This programme about London in the 17th Century was presented by Dan Cruickshank & looked at the changes between two published surveys of London. The first was written by John Stow & published in 1598, the second was an updated edition by John Strype & published in 1720. Between these two years you have the Civil Wars, the Plague of 1665 & the Great Fire of London in 1666. You also have a change in England’s place in the world, which is reflected in the ways the two surveys talk about the Thames. In 1598 it’s all about defence – you would be able to see invaders sailing up the river in time to do something about them. In 1720 it’s more about access to trade & the rest of the world. As well as a potted history of the century Cruickshank also talked about how the geography of London changed – not so much in the centre despite the fire, apparently a lot of people rebuilt their houses where they’d once stood. Instead the changes were in the outward expansion of the city – to the east this was driven by the new docks at Deptford & Blackwall, and the need for closer housing for the workers.
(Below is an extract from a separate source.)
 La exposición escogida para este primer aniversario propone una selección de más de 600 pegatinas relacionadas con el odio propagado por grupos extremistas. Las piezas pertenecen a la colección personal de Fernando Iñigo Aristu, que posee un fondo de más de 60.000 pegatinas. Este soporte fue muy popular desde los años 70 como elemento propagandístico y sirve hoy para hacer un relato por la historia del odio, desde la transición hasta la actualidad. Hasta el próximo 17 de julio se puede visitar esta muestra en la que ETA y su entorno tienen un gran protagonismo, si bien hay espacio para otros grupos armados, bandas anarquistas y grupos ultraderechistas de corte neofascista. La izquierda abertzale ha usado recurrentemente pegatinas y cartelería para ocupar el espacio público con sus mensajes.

To the west it was driven by new homes built for the gentry, and their demand for suitable places to shop and entertainment.
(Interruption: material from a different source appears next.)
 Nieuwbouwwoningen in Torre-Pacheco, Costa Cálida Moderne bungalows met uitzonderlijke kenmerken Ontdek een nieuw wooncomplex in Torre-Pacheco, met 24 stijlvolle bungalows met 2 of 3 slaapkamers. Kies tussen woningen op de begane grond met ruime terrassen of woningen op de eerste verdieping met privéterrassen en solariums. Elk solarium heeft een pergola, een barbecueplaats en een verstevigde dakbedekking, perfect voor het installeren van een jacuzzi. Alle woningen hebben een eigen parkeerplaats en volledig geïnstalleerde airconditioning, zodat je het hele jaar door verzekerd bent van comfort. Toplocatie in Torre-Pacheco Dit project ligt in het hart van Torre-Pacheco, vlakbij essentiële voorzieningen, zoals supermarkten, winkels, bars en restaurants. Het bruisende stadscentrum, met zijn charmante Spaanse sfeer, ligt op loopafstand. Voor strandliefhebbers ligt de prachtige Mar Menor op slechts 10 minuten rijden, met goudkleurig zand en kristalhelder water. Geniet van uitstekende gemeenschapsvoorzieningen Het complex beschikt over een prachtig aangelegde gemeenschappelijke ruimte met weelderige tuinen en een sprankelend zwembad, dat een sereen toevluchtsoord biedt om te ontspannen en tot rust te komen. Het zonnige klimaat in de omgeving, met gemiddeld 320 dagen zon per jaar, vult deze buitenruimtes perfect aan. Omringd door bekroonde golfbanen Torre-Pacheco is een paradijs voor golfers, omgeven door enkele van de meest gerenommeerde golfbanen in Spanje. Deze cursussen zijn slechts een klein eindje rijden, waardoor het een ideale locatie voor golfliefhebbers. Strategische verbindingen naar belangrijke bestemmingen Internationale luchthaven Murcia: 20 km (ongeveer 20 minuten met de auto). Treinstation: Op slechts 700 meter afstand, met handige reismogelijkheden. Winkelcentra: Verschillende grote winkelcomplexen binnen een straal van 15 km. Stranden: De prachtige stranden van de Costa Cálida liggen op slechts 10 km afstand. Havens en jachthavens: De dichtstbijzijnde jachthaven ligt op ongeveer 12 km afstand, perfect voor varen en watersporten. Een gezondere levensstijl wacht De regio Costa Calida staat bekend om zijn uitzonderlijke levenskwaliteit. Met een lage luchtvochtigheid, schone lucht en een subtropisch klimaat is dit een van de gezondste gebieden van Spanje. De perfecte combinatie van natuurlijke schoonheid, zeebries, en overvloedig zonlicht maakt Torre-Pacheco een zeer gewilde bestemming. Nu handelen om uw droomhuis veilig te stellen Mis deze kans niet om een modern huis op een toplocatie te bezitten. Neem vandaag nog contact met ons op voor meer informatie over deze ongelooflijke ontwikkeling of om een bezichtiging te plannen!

Interesting programme – and a neat way to look at the history of the city during this period.

The Making of King Arthur with Simon Armitage

The Making of King Arthur was originally part of the BBC’s Norman Season a couple of years ago and has been sitting on our PVR ever since. In it Simon Armitage looks at the development the Arthurian legend, from the perspective of how the story evolved rather than whether or not there’s any truth behind it. After a bit of scene setting about how the Arthurian legend is still told in the present day Armitage starts with the appropriation of the Welsh stories of Arthur by the Norman conquerors. From Geoffrey of Monmouth’s Normanification of the legend it gets further Frenchified by poets across the channel. They introduce some of the key elements of the legend we remember – like the quest for the holy grail, and the Lancelot/Guinevere love story. And then it comes back to England & English with Thomas Malory’s Mort d’Arthur (which we listened to an In Our Time about a while ago (post)). Throughout the whole programme Armitage had people reading from the various works he was talking about – normally chosen to thematically fit the work or point Armitage was making. Like the lady who works at Monmouth Priory reading a bit from Geoffrey of Monmouth’s book, or a man (Erwin James) whose writing career started whilst in prison reading from part of Malory’s book. Slightly bizarrely Armitage also visited a woman who keeps the remnants of what she believes to be the Holy Grail – this is said to be the cup that was kept in Glastonbury Abbey until it was dissolved in 1528. It then passed into the keeping of the Powell family until the 1950s, when it moved again to a hidden location. (This is the Nanteos Cup, to disambiguate it from other claimed Holy Grails.)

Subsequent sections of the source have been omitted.